Few people know what really goes on during a fashion show. Everybody is enamored by the glitz and glamour of the statuesque models walking down the catwalk, but the average person who watches “Project Runway” only knows a sliver of the organized chaos that awaits them behind the glimmering curtain of a runway show.
CSUN has its own fashion show every spring semester put together by the TRENDS fashion club. The club is comprised of students who have a passion for fashion, and a heart of determination to boot.
The Department of Family and Consumer Sciences is one that students aren’t typically familiar with. It’s tucked away in the corridors of Sequoia Hall on the right side of the library.
The students in the FCS 497 fashion show production class say that the fact that no one knows about the fashion department or club makes it hard to get the word out about the event.

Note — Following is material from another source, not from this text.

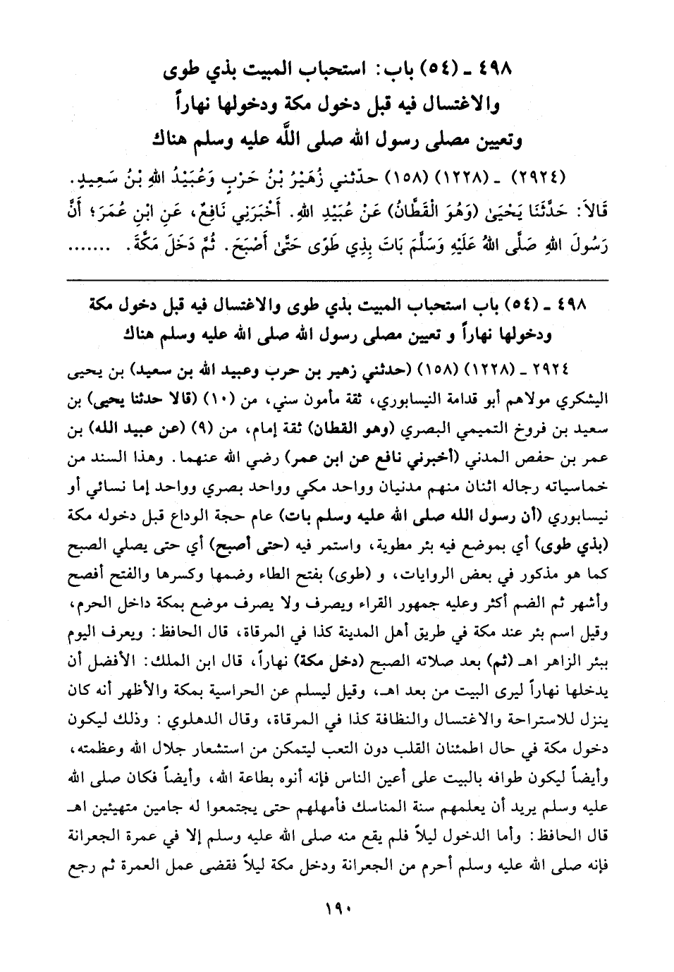 ٤٩٨ - (٥٤) باب: استحباب المبيت بذي طوى والاغتسال فيه قبل دخول مكة ودخولها نهارًا وتعيين مصلى رسول الله صلى الله عليه وسلم هناك

“I don’t think we anticipate that it would be challenging. I think sponsorship has been one of our biggest hurdles,” said senior Sienna Tinoco, when asked about the most challenging part of the organizing the show. “I think the time crunch combined with the fact that we have to approach a lot of people in order to get some people to what to sponsor and donate. We’ve never dealt with that with something like that before for a lot of us, so it’s been like a learning curve for sure.”
Tinoco also talked about them still being in the process of looking for sponsors.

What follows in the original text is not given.